KFFX-TV
- Pendleton, Oregon; Pasco–Richland–Kennewick, Washington; ; United States;
- City: Pendleton, Oregon
- Channels: Digital: 11 (VHF); Virtual: 11;

Programming
- Affiliations: 11.1: Roar; 11.2: Telemundo; 11.3: Ion;

Ownership
- Owner: Rincon Broadcasting Group (sale to Community News Media pending); (Rincon Broadcasting Yakima LLC);
- Sister stations: KEPR-TV, KVVK-CD

History
- First air date: January 11, 1999
- Former call signs: KAUP (January–April 1999)
- Former channel numbers: Analog: 11 (VHF, 1999–2009); Digital: 8 (VHF, until 2009);
- Former affiliations: Fox (1999–2026)
- Call sign meaning: "Fox"

Technical information
- Licensing authority: FCC
- Facility ID: 12729
- ERP: 60 kW
- HAAT: 471 m (1,545 ft)
- Transmitter coordinates: 45°44′51.1″N 118°2′18.6″W﻿ / ﻿45.747528°N 118.038500°W
- Translator(s): KBWU-LD 36 Richland, WA

Links
- Public license information: Public file; LMS;

= KFFX-TV =

Television station in Pendleton, Oregon

KFFX-TV (channel 11) is a television station licensed to Pendleton, Oregon, United States, serving the Tri-Cities of Washington as an affiliate of Roar and Telemundo. It is the only major commercial station in the Yakima–Tri-Cities market that is licensed to the Oregon side of the station's coverage area. KFFX-TV is owned by Rincon Broadcasting Group and operated alongside CBS/CW+/Fox affiliate KEPR-TV (channel 19) and Univision affiliate KVVK-CD (channel 15). KFFX-TV's studios are located on Clearwater Avenue in Kennewick, Washington, and its transmitter is located in the Umatilla National Forest east of Pendleton.

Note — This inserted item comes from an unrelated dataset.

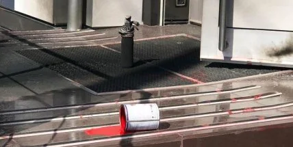 Установлено, что ночью неизвестные облили красной краской фасадную стену помещения и лестницу, а также повредили металлопластиковую дверь и разбили в ней стекло. У входа была обнаружена использованная дымовая шашка.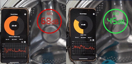 自社の既存製品とテストをしたところ、最大68db(既存)、最大45db(ドクターランドリー洗濯ボール)という結果に!

Like the other stations in this vast and mountainous area, KFFX-TV's transmitter is not strong enough to cover the entire market. While KFFX-TV serves the market's eastern portion, it operates KCYU-LD (channel 41) in Yakima as a low-power semi-satellite for the western portion. KCYU-LD simulcasts all Roar programming as provided through its parent station, with the only difference being the hourly station identification as Roar uses a master default schedule. On satellite, KFFX-TV is only available on DirecTV, while Dish Network carries KCYU-LD instead.

==History==
Channel 11 signed on the air January 11, 1999, as KAUP, a Fox affiliate; on April 5, the call letters were changed to KFFX-TV. It was the first full-powered VHF station in what had previously been a "UHF island". It was also the first station on the Tri-Cities side of the market not to be a satellite of a station in Yakima.

The station replaced KBWU-LP (channel 66), a low-power semi-satellite of KAYU-TV in Spokane (which was carried by cable providers throughout southeastern Washington and northeastern Oregon); KCYU-LP was also a semi-satellite of KAYU before the launch of KFFX. KBWU (which originally had the call sign K66BW, though it was referred to as "KBW" outside of station identifications) had been on the air since October 1, 1989; that station, now KBWU-LD (channel 36), is now a translator of KFFX.

Initially, the KFFX-TV license was owned by Communication Properties; Northwest Broadcasting, through its Mountain Broadcasting subsidiary, operated the station under a local marketing agreement. Northwest filed to acquire KFFX outright in November 1999; however, the sale, approved on September 27, 2000, was not completed until January 14, 2003, because Northwest was required to divest another full-power television station in the Tri-Cities market, KBKI (channel 9, later known as KCWK) in Walla Walla, in order to complete its purchase of KFFX. KBKI was ultimately acquired by Pappas Telecasting.

In February 2019, Reuters reported that Apollo Global Management had agreed to acquire the entirety of Brian Brady's television portfolio, which it intended to merge with Cox Media Group (which Apollo acquired at the same time) and stations spun off from Nexstar Media Group's purchase of Tribune Broadcasting, once the purchases were approved by the Federal Communications Commission (FCC). In March 2019 filings with the FCC, Apollo confirmed that its newly-formed broadcasting group, Terrier Media, would acquire Northwest Broadcasting, with Brian Brady holding an unspecified minority interest in Terrier. In June 2019, it was announced that Terrier Media would instead operate as Cox Media Group, as Apollo had reached a deal to also acquire Cox's radio and advertising businesses. The transaction was completed on December 17.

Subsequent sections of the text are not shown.